1 mile can change everything
The detailed neighborhood intelligence data provided by Local Logic is especially helpful for out-of-state homebuyers, who Nickerson says there are a lot of them right now.
“But to be honest, the out-of-state framework is more of a proxy for something broader,” Nickerson told Inman. “We all move a little bit out of state when we move.”
Whittington elaborated on the idea by telling the story of how she moved a mile away from her home of 24 years.

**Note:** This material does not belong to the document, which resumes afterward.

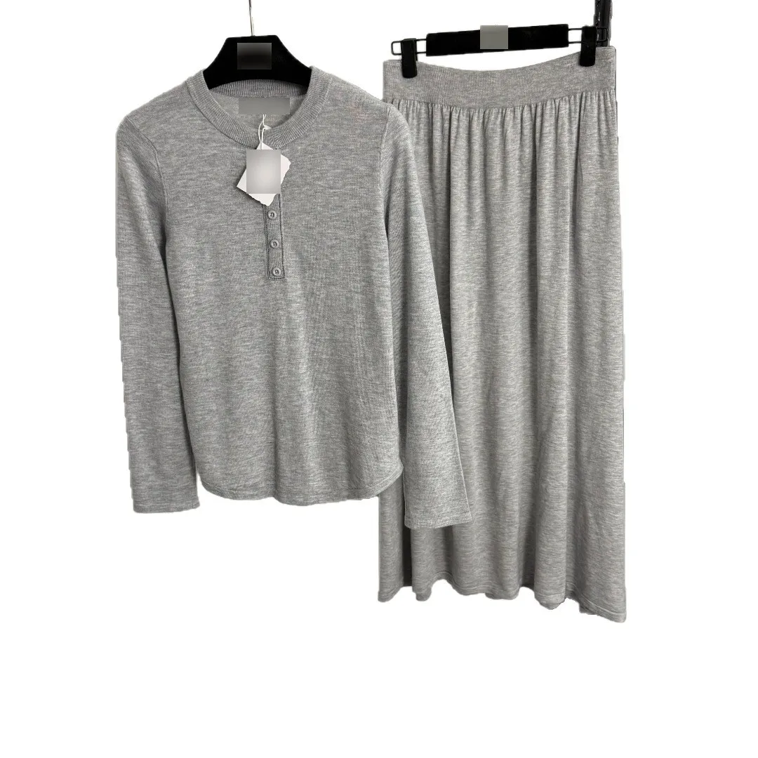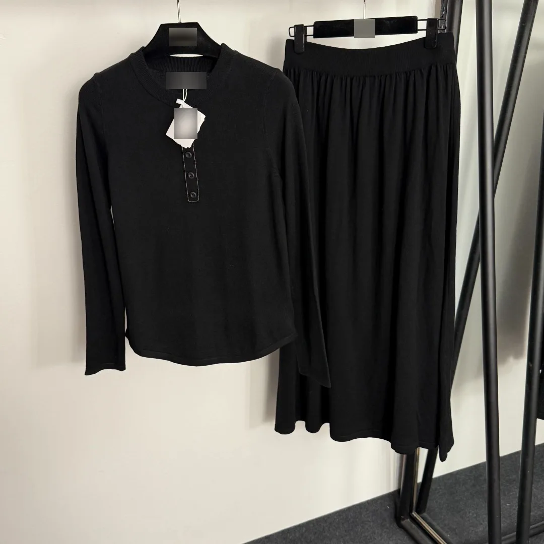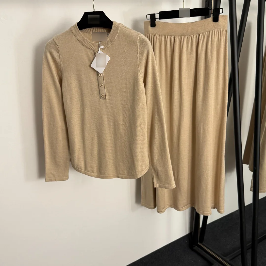 New Style Long-Sleeved Pullover Knit High-Waisted Knitted Skirt Solid Casual Autumn Collection Breathable Button Women's

“I had no idea what it was like to actually live there. It was only a mile away,” she said. “The difference was stark. I moved from a suburban, young children’s school estate to what I would describe as a millennial estate, in the same town, miles apart.”
That’s what’s so interesting about neighborhood data, Whittington said. Going half a mile in one direction is a completely different demographic than going to the nearest neighborhood line.
“In a big city, things can change dramatically from street to street,” Whittington said.
decision-making layer
For Nickerson, the most important part of the Infinity and Local Logic partnership is what she calls the “decision layer.”
“It’s not about how much information you can give someone; it’s about whether you have the right information and answers to specific questions,” she said. “And we think this is just the beginning of where this is going.”
Nickerson gave the example of his daughter looking at apartments in Burlington, Vermont. She wanted to know how they were located relative to campus, how safe the neighborhood was, and what was around them.
“Consumers want those answers, and they want them right away, not after filling out a form and waiting for an agent to call,” Nickerson said.
Whittington feels strongly that this type of neighborhood information data should be available to renters.
“Renters are treated like second-class citizens compared to homebuyers, in part because we don’t have a fee structure that creates the same incentives,” she says. “But we know multifamily spending is huge, rents are high, people are staying longer, and buyers are buying later.”
Whittington said renters’ questions need the same quality of answers. She said the experience of walking into a leasing office to check out a standard unit and make a reservation was broken.
“We want to be able to say, ‘We know you care about where your grocery store is. We know you want to be able to walk to restaurants. Let’s answer those questions up front, just like we would when selling a million-dollar home,'” Whittington said.
Premium members only live
Local Logic’s neighborhood intelligence data is publicly available to Infinity Premium members. Nickerson said premium membership typically costs $49 a month unless there is a special arrangement with MLS, like in Miami.
“When you go to Matrix in Miami, you actually see Local Logic data as part of the Matrix experience,” says Whittington. “That means it’s the same data throughout the workflow. That’s really important. You have one set of data for one context, and you don’t need different data from different providers. Agents and consumers trust the data, and that trust is inherited.”